Ik rook ook erg veel en ben nog jong. Wil 1 januarie stoppen, ik ga ook stopppen moet ook als is het soms wel lekker. 

Heeft iemand een TIP, wat kan ik gebruiken om minder zin aan een sigaret te hebben? 
en wat je het beste kan doen als je zin heb om er een op te steken.

Als iemand tips heeft, hoor ik het graag. 

bedankt..

----------


## snipper

In ieder geval zorgen dat je genoeg lichaamsbeweging krijgt! Door te sporten maken je hersenen een stofje aan waardoor je je goed gaat voelen en is het makkelijker om van een verslaving af te komen.
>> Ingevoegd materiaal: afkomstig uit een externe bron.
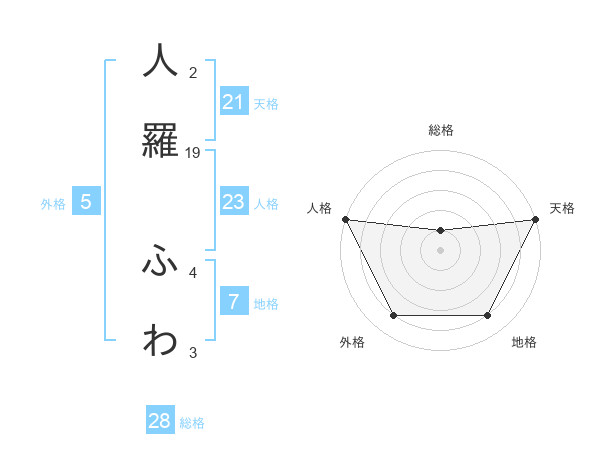 人羅 ふわさんを姓名の画数から五運を鑑定

En je kunt ook vragen of je vrienden en familie je willen helpen, dus dat ze je geen sigaret moeten aanbieden enzo.

----------


## Agnes574

Je kunt ook bij de apotheek 'NTB-sigaretten' kopen,dit zijn sig op basis van planten zonder tabak en zonder nicotine...voor de één helpt het om die sig geleidelijk aan te vervangen door 'nicotine-sigaretten',voor de ander niet...
Ook kun je Champix(medicatie op voorschrift)aanvragen,maar er zit een behoorlijk prijskaartje aan...das minder...
Weet je dat na 48u stoppen alle nicotine uit je lichaam is verdwenen?
Dus na 4 à 5 dagen stoppen kun je er vanaf zijn...helaas is het bij velen 'de gewoontehandeling van het roken' wat stoppen zo moeilijk maakt! 
Zo ook in mijn geval...maar ik vervang nu reeds een deel van mijn 'nicotine-sigaretten' door 'NTB-sigaretten',dus is het bij mij idd de 'gewoontehandeling' waar ik,na zoveel jaar,vanaf moet te zien geraken!

Sterkte en succes!
Agnes

----------


## Agnes574

Zal hier deze week nog een uitgebreid artikel zetten over roken,stoppen met roken en de mogelijke 'hoe-te-stoppen-methodes'!!!

Agnes Xx

----------


## rafaelo

Hoi Agnes, 

Dat hoeft voor mij niet, ik stop gewoon door er niet over te denken. De sigaretten gewoon weg doen. 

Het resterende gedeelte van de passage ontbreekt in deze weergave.